I don’t have a perfect grasp on what god is. Which doesn’t bother me.

What bothers me is a concept people refer to as ‘the problem of evil’.

That means:

How do we reconcile a good, loving, omnipotent god with pain and suffering? This is the single biggest hurdle Christianity in particular has yet to leap. No one’s told me anything close to a decent answer.

So here is what I’ve heard, in short.

1.  Evil has its place. It teaches us good things. True, up to a point.

2.  We wouldn’t know joy absent pain. It’s the classic explanation.

3.  Evil is plain old karma. We earn it. Now that really pisses me off.

4.  We are mere humans. And our little brains could not possibly comprehend God’s master plan. It includes evil. Who are WE to question it? This pisses me off slightly less. I am still uber pissed.

Here’s why none of those answers works for me.

1.  Most of what I’ve learned in life comes from pain. I would not trade my experiences. But guess what – I’m not some kid in Syria.

Catch my drift?

2.  This is a tidy, pat, sneaky little response. It works for the small stuff, like hey, I really appreciate the sunshine because it rained 4 days straight. And people in L.A. probably take sunny for granted.

Great. Try telling that tiny kid in Syria he’s actually super lucky because someday his lungs are going to love not inhaling sarin. Well now. He’s already dead. What is far worse for me, he suffered first.

3.  Are you kidding me? Same problem. Karma works for the small things. What goes around usually comes around. More like always.

Are you seriously telling me all those little children in third world countries we see on Save The Children somehow earned that pain.

It’s impossible to deserve that degree of suffering. You’d have to be Hitler many lifetimes over. There was only one of him. Do the math.

4.  If you accept there’s a god, it’s a safe bet he gave us brains on purpose. If we were not supposed to question things because he didn’t want us to he likely wouldn’t have given us the means to do it. Not to ‘blaspheme’. Whatever that means. But please don’t give me that line about original sin and how us humans ate from a tree of knowledge.

Nice touch blaming Eve by the way.

Also a safe bet this god we believe in who’s way smart would not have made life so confusing that it begs these types of questions.

Part of why number four ticks me off huge is that it is so obviously self-serving from the perspective of institutionalized religions.

Prep yourself for some majorly annoyed cynicism.

Make us feel small so we’ll lose faith in our own ability to find the answers? That’s a pretty damn smart way to keep us coming to church.
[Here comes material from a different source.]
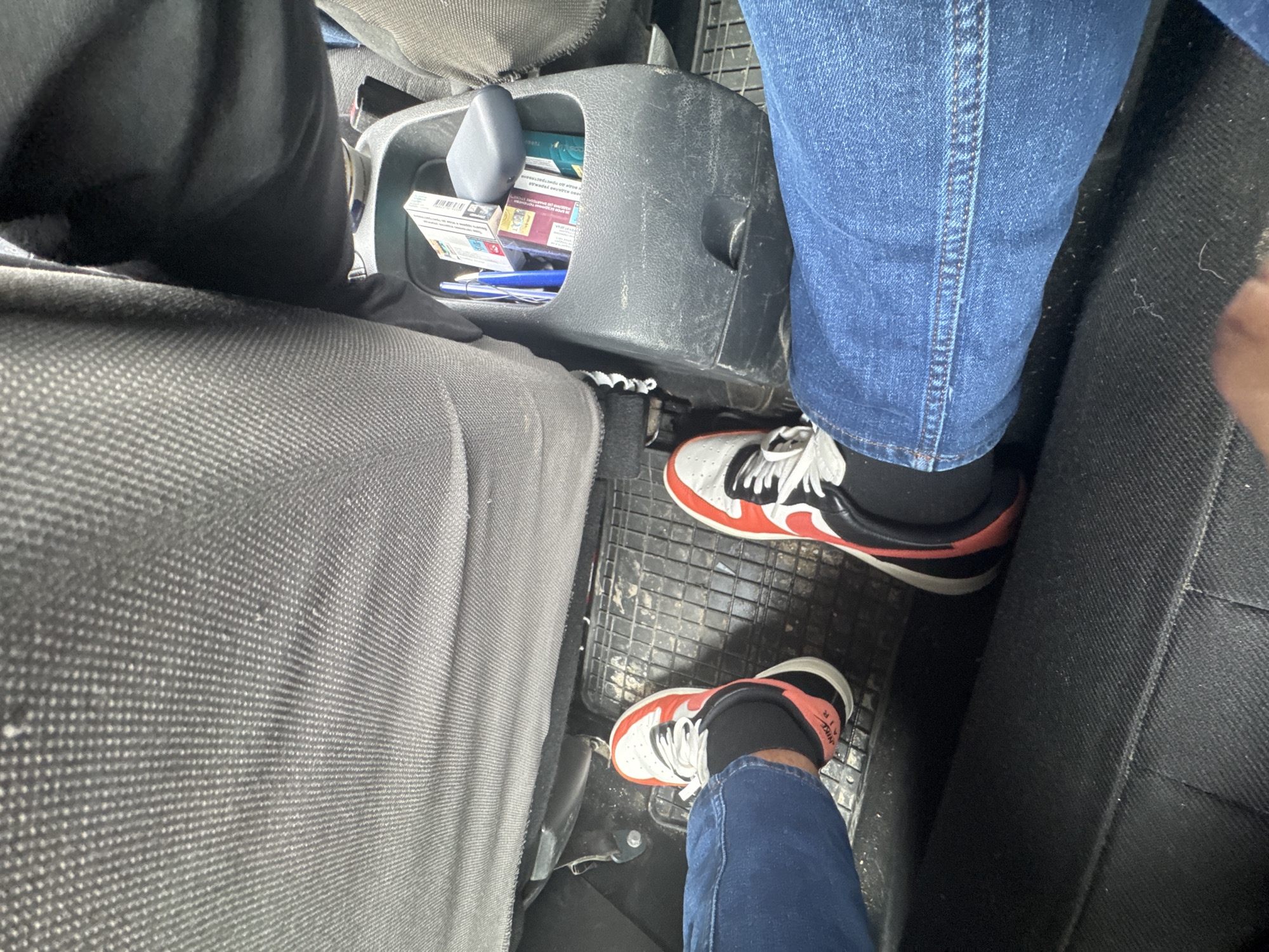 interior of a vehicle, likely a car, from an overhead perspective. Two people are visible from the knees down. The person on the left is wearing gray pants, while the person on the right is wearing blue jeans. Both are wearing black socks and similar athletic shoes that are white with red and black details. The car interior is gray and black. A center console is between the passengers and contains cigarettes and a pen. The floor of the car is a black, patterned rubber mat. The location of Брусовeте, Bulgaria is not discernible in the image.

Let’s get spoon fed scraps of half-baked consolation from human beings who are no better and (my goodness, hopefully) no worse than the rest of us. Let’s continue to kneel at our man-made altars we’ve built from money in our collection coffers. Which should have been going elsewhere. Like Syria. Let’s use it to pay our deacon his salary?

Great use of resources there, y’all. I’m sure god is totally falling-all-over-himself THRILLED to see us throwing that money at wealthy men who don’t need it to give us answers we should find ourselves.

Excuse me. I think there’s something in the bible about a golden calf.

Relevant quote, and a nod to eastern religion. All religions basically say the same thing at the core – that god is love and that we are too:

When there is no attachment and no spontaneous loving service to the Lord, and one is engaged in the service of the Lord simply out of obedience to the order of the spiritual master [priests, rabbis, imams, gurus] or in pursuance of the scriptures [bibles, torahs, qurans, vedas], such obligatory service is called ‘vaidhi-bhakti’.

– Srila Gurudeva. I’m not a fan of complicated names. But whatever.

I’ve noticed eastern spiritual leaders tend to be far more scrupulous about warning their ‘followers’ against putting them personally on a pedestal and making other humans false gods. Major respect points.

Anyway, I’ll quit dodging. So here’s my half-baked theory.

What if it’s not real?

That’s not an assertion. It’s not even my belief. It’s basically a prayer. For me this is the only thing that makes things like Syria make sense.

I bet survivors of the holocaust are really gonna love me for this one.

Ahem – are you telling me I didn’t suffer? I mean. Like. The holocaust didn’t happen? Really, Jess. Like we haven’t heard THAT one before.

I get it. Maybe it’s not cool to even throw this out there, but I believe in exploring everything. I don’t believe in deciding not to consider an idea just because it very well might be offensive or even dead wrong.

Bear with me please.

All we can be sure of is our own experiences. I know what feels real for me. I don’t know what feels real for you unless you tell me. Even then I’m just taking your word for it. I do not have the slightest clue.

What I do know is that my life, up to this point, has been very hard.

Very hard. I wished I was dead for most of it. It was really that bad.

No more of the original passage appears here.